Do I think this is a good match for Jim Miller? No; Bobby Green hits faster, is far more defensively slick, and is awful hard to take down. Am I picking against Jim Miller at UFC 300? Not on your goddamn life. JIM MILLER BY DECISION.
BANTAMWEIGHT: Deiveson Figueiredo (22-3-1, #8) vs Cody Garbrandt (14-5, NR)
I cannot imagine how much restraint it took not to make this the main event of a Fight Night with a Bogdan Guskov vs Modestas Bukauskas co-main. There were a lot of skeptics about Deiveson Figueiredo's plans to move up to the 135-pound division--including me--but he proved us wrong and shut Rob Font out of their fight last December. He outstruck him at both range and in the pocket, and when Font finally started to catch his rhythm, he began dumping him on the floor just to change it up. It was a fantastic performance and a clear proof that he does, in fact, belong at Bantamweight. Two weeks later, Cody Garbrandt managed to chisel himself back into its books. Garbrandt's fall from the top is the stuff of legends--from an undefeated champion who engineered the total destruction of one of the sport's longest winning streaks by wrecking Dominick Cruz to going 1 for 6 over the next half-decade, including four vicious knockout losses--and, while it frustrated him at the time, Garbrandt being forced to spend a year and a half on the shelf thanks to opponents repeatedly pulling out with injuries was ultimately good for him. He came back in March of 2023 and put forth a workmanlike if unimpressive victory over Trevin Jones, but his one-round, one-punch annihilation of Brian Kelleher in December was his proof to the world that he was back to his old self, and nothing was going to stop him from punching his way straight to the title again.

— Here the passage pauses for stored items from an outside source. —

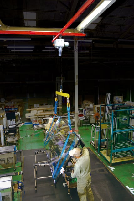 실제로 "정밀하고" "부드럽게" 접지시키는 제어를 이용해 대형 유리창을 반송하고 있는 고객을 소개합니다.
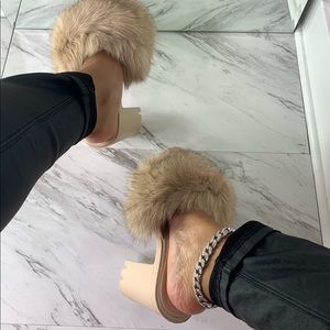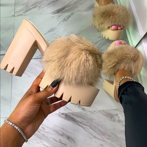 This platform chunky faux fur Lori slip on heel is to dye for! This platform heel features a fluffy fur strap and a thick chunky heel for a solid look and style. Pair these beauties with your favorite jeans or skirt!
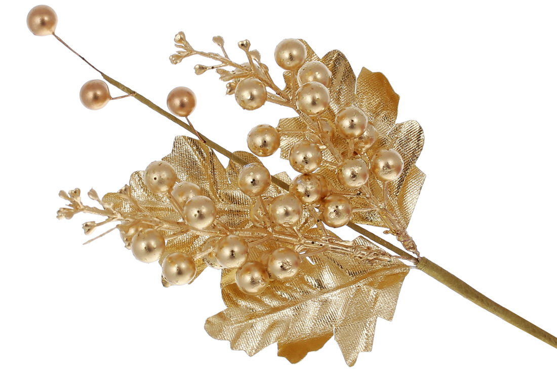 Декоративна гілка з ягодами 29см, колір - матове золото
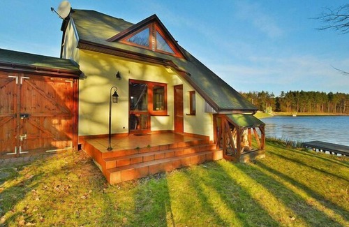Directamente a orillas del pintoresco lago Rosnowskie, hay una propiedad bien cuidada con una hermosa casa de vacaciones cómodamente equipada. Los huéspedes tienen acceso a las aguas del lago al alcance de la mano, que será más disfrutado por los pescadores (barco de pesca gratuito disponible en el sitio) y los amantes de la natación. Además, puedes alquilar equipos de agua cerca para ver todos los rincones de este embalse desde el agua.La cómoda y bonita casa de 2 plantas tiene una terraza cubierta con un juego de muebles de jardín. En la planta baja del edificio hay un hermoso y amplio salón con chimenea. También hay una gran mesa de comedor y TV. En la planta baja también hay una cocina bien equipada y un baño con ducha. En el primer piso hay 2 dormitorios separados (incluido 1 con balcón) y un segundo baño (también con ducha). Frente a la casa hay una playa cubierta de hierba con acceso al lago y un muelle de pesca.Hay acceso a Internet WiFi.Existe la posibilidad de alquilar una cuna para un niño pequeño y una trona gratis, pero debe avisar al propietario antes de partir El propietario proporciona a los huéspedes un bote de remos (longitud 3, 6 m). Se puede instalar un motor por un cargo adicional Aparcamiento en la propiedad El precio de la estancia: ropa de cama, toallas, consumo de electricidad y agua, leña para la chimenea, bote de remos, aparcamiento, internet WiFi Alojamiento no apto para personas con movilidad reducida El lago Rosnowskie es rico en muchos tipos de peces y es un embalse muy popular entre los pescadores. Los aficionados al baño y al piragüismo también encontrarán algo para ellos. Un bote de remos está disponible de forma gratuita (con la posibilidad de instalar un motor por un cargo adicional), pero también hay un alquiler de equipos acuáticos (botes de remos, kayaks, hidropedales) en la zona.A unos 900 m hay una resort abierto todo el año con infraestructura completa, desde el cual también pueden ser utilizados (por supuesto por una tarifa adicional) por huéspedes de fuera del hotel: piscina cubierta con jacuzzi (abierta en temporada de verano
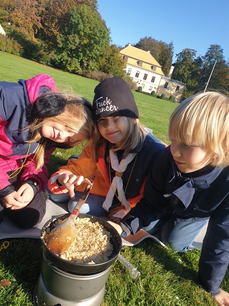 Många glada scouter var på plats. Dagen till ära bjöds det på allt från allemansrätten, till karta och kompass kunskap och de äldsta fick fila på sina hajkbrickor.
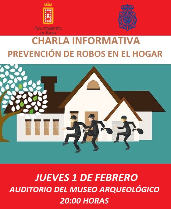 Baza acogerá, el próximo jueves, una charla informativa sobre seguridad en el hogar abierta y gratuita. La seguridad en el hogar y cómo protegerlo frente a los ladrones será el tema central de la charla informativa que ofrecerá la Policía Nacional en colaboración con el Ayuntamiento de Baza, el próximo 1 de febrero a las ocho de la tarde en el Auditorio del Museo Arqueológico de Baza.
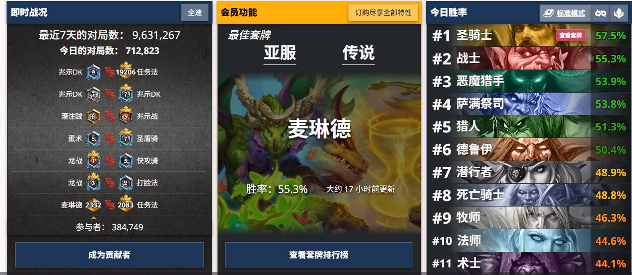 由于玩的不多,所以对战信息并没有记录下来,不过胜率还是很高,大致讲下对战思路吧,以当前天梯的出场率来讲下,为了便于直白的了解该卡组对战别的职业的胜率,我根据S,A,B 三个档位来标识(S为大优,B则为劣势)
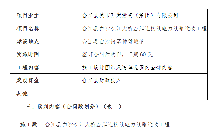 一、 本次谈判项目为合江县白沙长江大桥左岸连接线电力线路迁改工 程, 现通过竞争性谈判方式选择和确定承包人, 诚邀符合资格条件的 潜在申请人参与本项目的竞争性谈判。
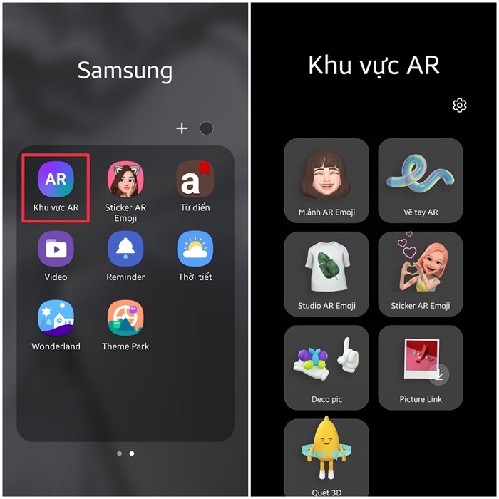 Khu vực AR cho phép chúng ta quét 3D gương mặt của mình và sử dụng những tính năng thú vị được tích hợp sẵn trên ứng dụng. Bạn chỉ cần bật ứng dụng Khu vực AR trên điện thoại Samsung lên và bắt đầu sáng tạo nhé.
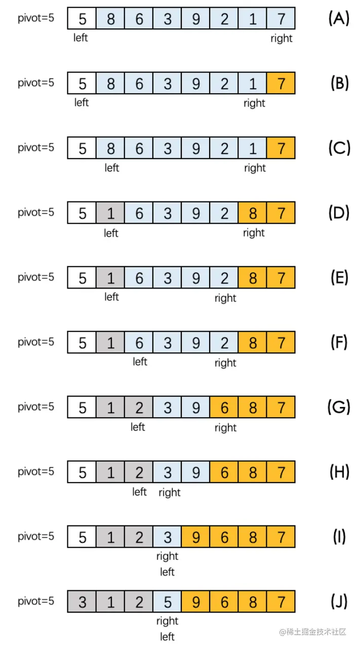- 接下来,left和right所指向的元素进行交换。此时形成数列为[5, 1, 2, 3, 9, 6, 8, 7]。
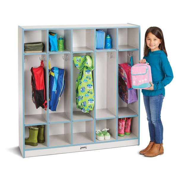 Neatly store jackets, backpacks, boots, and lunchboxes with this classic locker with space for five children. Two double coat hooks in each section provide adequate hanging storage and the open compartments above and below store boots and lunchboxes. Constructed of double-sided freckled gray laminate with coastal blue TRUEdge.KYDZSafe edges. KYDZStrong construction. TRUEdge. Constructed of 5/8” thick freckled-gray Thermally Fused Laminate (TFL). Double coat hooks. Stationary. Standard Write-n-Wipe recessed backs. Back options available. See cleaning recommendations at www.jonti-craft.com/cleaning.
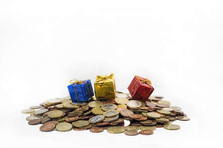 Coin climbing stairs with Christmas Holiday present, sparkling and shiny background, Finance,saving concept stacks of coins
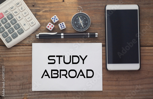 Study Abroad written on paper,Wooden background desk with calculator,dice,compass,smart phone and pen.Top view conceptual.
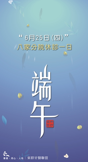 6/25 (四) 端午節 - 東群牙醫聯盟 休診一日
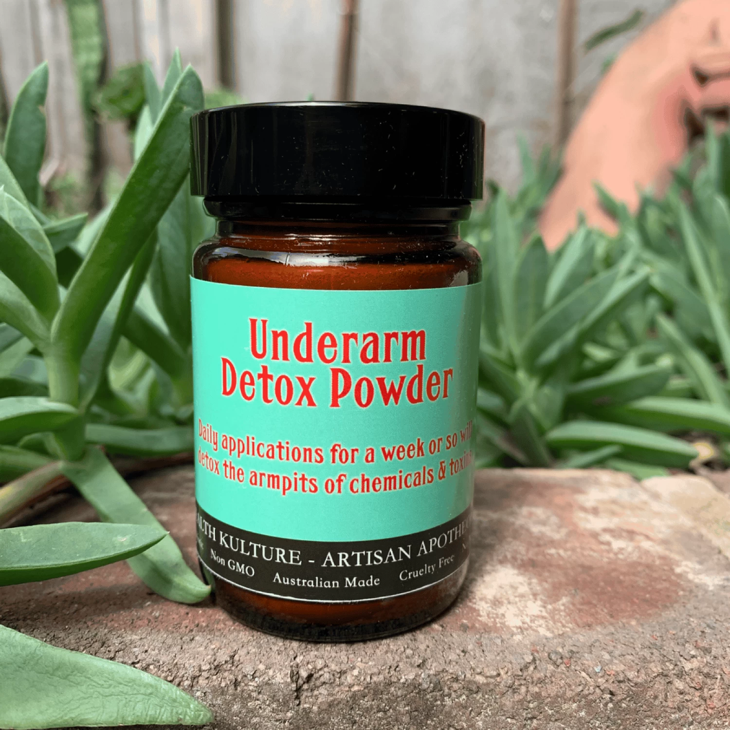 An underarm detox really is essential if you’re changing over from a conventional deodorant to our deodorant powder. Simply mix 2 parts powder with 1 part apple cider vinegar and apply daily for a week or so. Use a non-metal bowl and spoon as metals will deactivate the healing strength of the clays. You will know when to finish the detox as there will be no more odour or irritation and your armpits will be like new again, and, you will be healthier.
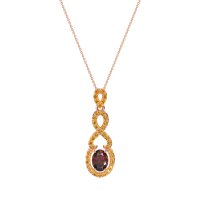 This Garnet and Citrine Necklace is casted in 14K Rose Gold. This Women’s Fashion necklace features exceptionally fine gemstones, on par with those found in the world's most exclusive boutiques and among the top 10% available globally. This Pendant Features An Oval Stone Surrounded By A Halo That Seamlessly Transitions into An infinity Symbol. A Modern And Elegant Design. This necklace comes with a complimentary 18-inch chain. Enjoy the confidence of our 30-day, stress-free return policy—with return shipping fully covered. Each piece is also accompanied by a Lifetime Warranty, ensuring lasting beauty and peace of mind.
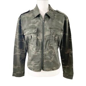 Good American NWT Camo Print Soft Stretch Short Military Jacket Army Green Sz XS
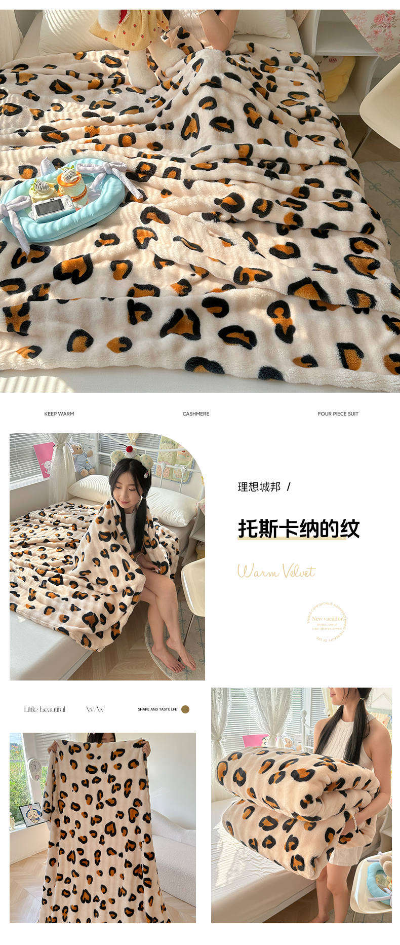 商品名称:韩巢家纺 2025新款高克重泡泡绒毛毯多功能牛奶绒毯子支持跨境电商 托斯卡纳豹纹
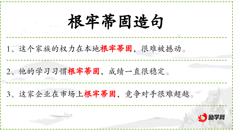 5. 【根牢蒂固】 指根基牢固。
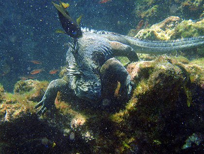 This morning we had a couple of options, one for long walkers and the other for short walkers. In both cases, we encountered several male and female land iguanas in their brightest colors because it is their mating season. We also witnessed a fight between two males land iguanas for their territory. The reason for all this activity is because the warm wet season is the best for reptiles and land birds to reproduce. There is a lot of food and fresh water, and, in the case of reptiles, the temperature is perfect to incubate their eggs.
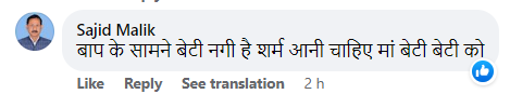 Another user named Sajid Malik said “Daughter is naked in front of father, mother-daughter should be ashamed”
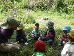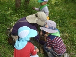 参加回数が少ないので、まだ場所に慣れていないのかなーと思いつつ、さとちゃんがきっかけづくりにヘビイチゴを集めてジャム作りをしようと誘ってみました。
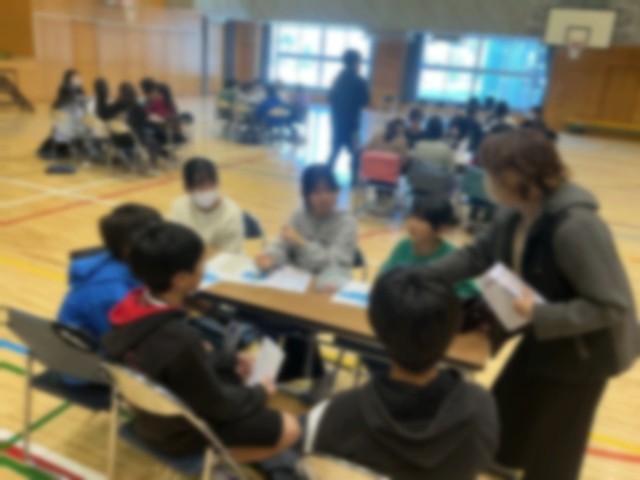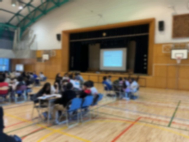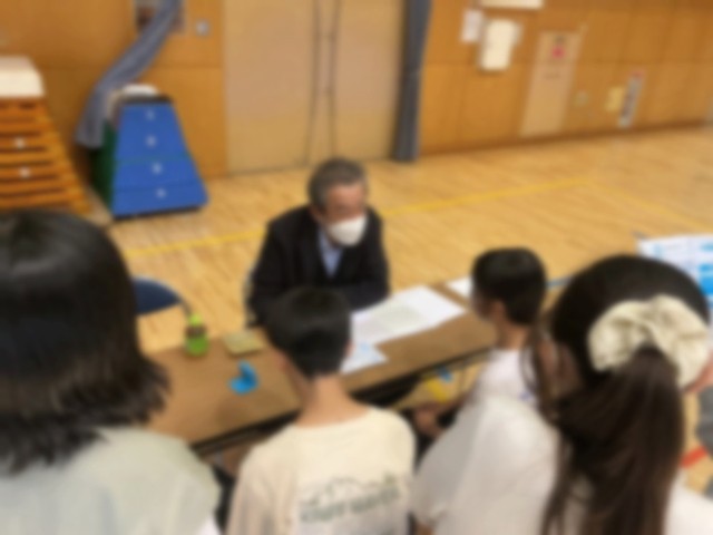銀行の方に来校いただき、学習発表会で実際に販売したキーホルダーの決算報告を行いました。
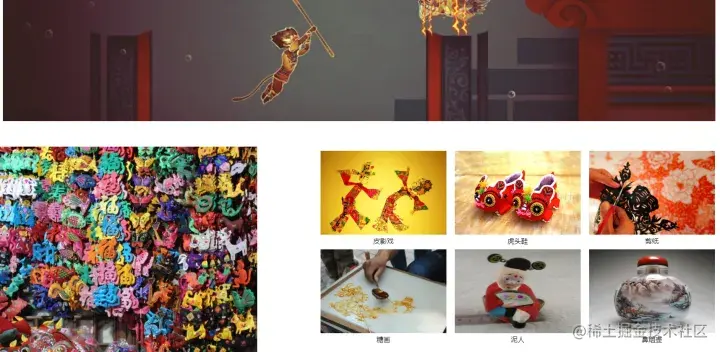 风俗页的实现参考了民族页和之前的一些设计,另外在底部图片上增加了缩放动画。
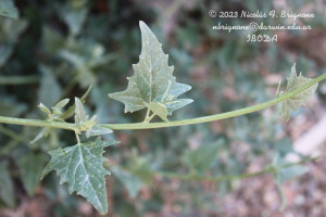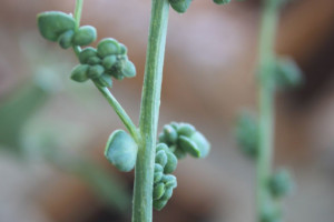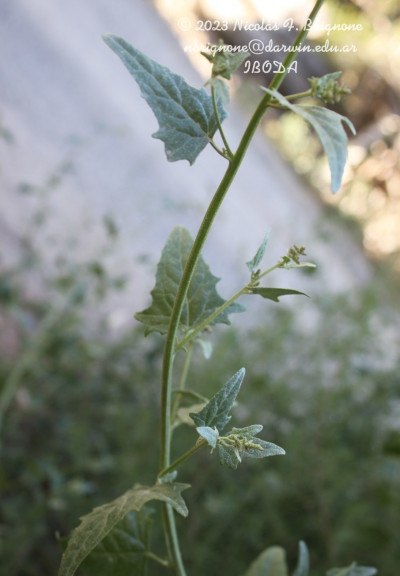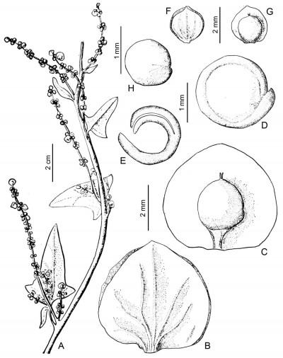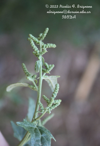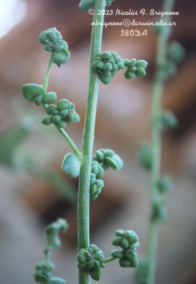 Plantas herbáceas, anuales, monoicas, de 50-150 cm de alto, ramificadas desde la base. Hojas alternas, pecioladas, dimorfas: las basales ovado-hastadas, de 5 × 2,5 cm, con margen entero o dentado, base 2-lobulada y ápice obtuso; las superiores más angostas, de 3,5 × 1 cm, sin lóbulos; anatomía no Kranz. Inflorescencias en tirsos, agrupados en espigas no foliosas. Bractéolas fructíferas anchamente ovadas o circulares, soldadas entre sí en la región basal, con margen entero, dimorfas; algunas más grandes, de 4-6 mm de diámetro, con semillas negruzcas; otras más pequeñas, de 2-2,5 mm de diámetro, con semillas castañas; cara externa lisa. Semillas con embrión con radícula basal.

So anyway, DEIVESON FIGUEIREDO BY TKO. There's risk here, Deiveson tends to lead with his head and if Cody pops him it could end his night real early, but he's the same kind of tough, fast and vicious that got Cody crushed by punches four times already. You should be scared of trading in the pocket with Cody Garbrandt, but if you're not, that chin is still right there for the taking, and Deiveson was a hairdresser and thus has no mortal fear left in his body.